Collected material:
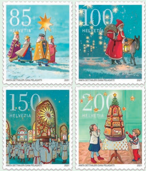
圖 164~圖 167

7. 2021 年 9 月 30 日發行 4 枚「聖誕節的傳統郵票」（圖 164-167）。今年的聖誕郵票以愉悅的懷舊風格圖案呈現了瑞士豐富多樣的聖誕傳統文化遺產，設計師以鮮豔的色彩和精美的細節描繪經典習俗與其多樣風貌，這些存在於日常生活的節慶傳統與內涵元素是構成瑞士「非物質文化遺產」的重要部分，因此 4 枚聖誕郵票特別以展示聖誕節期間會實行的各種節慶傳統為主題意象。4 幅郵圖設計分別介紹了從特定地區到廣為人知的瑞士經典聖誕故事和傳統：
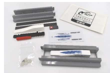
超電導リニアの模型 ※写真はキット2つ分です

「リニア・鉄道館」のホームページでもご案内しています。 (https://museum.jr-central.co.jp/)

What to work on: Drop the pictures, then transcribe the lines from the one containing "7. 2021 年 9" to the end of the data above, exactly and nothing more.

Response box:
7. 2021 年 9 月 30 日發行 4 枚「聖誕節的傳統郵票」（圖 164-167）。今年的聖誕郵票以愉悅的懷舊風格圖案呈現了瑞士豐富多樣的聖誕傳統文化遺產，設計師以鮮豔的色彩和精美的細節描繪經典習俗與其多樣風貌，這些存在於日常生活的節慶傳統與內涵元素是構成瑞士「非物質文化遺產」的重要部分，因此 4 枚聖誕郵票特別以展示聖誕節期間會實行的各種節慶傳統為主題意象。4 幅郵圖設計分別介紹了從特定地區到廣為人知的瑞士經典聖誕故事和傳統：
超電導リニアの模型 ※写真はキット2つ分です

「リニア・鉄道館」のホームページでもご案内しています。 (https://museum.jr-central.co.jp/)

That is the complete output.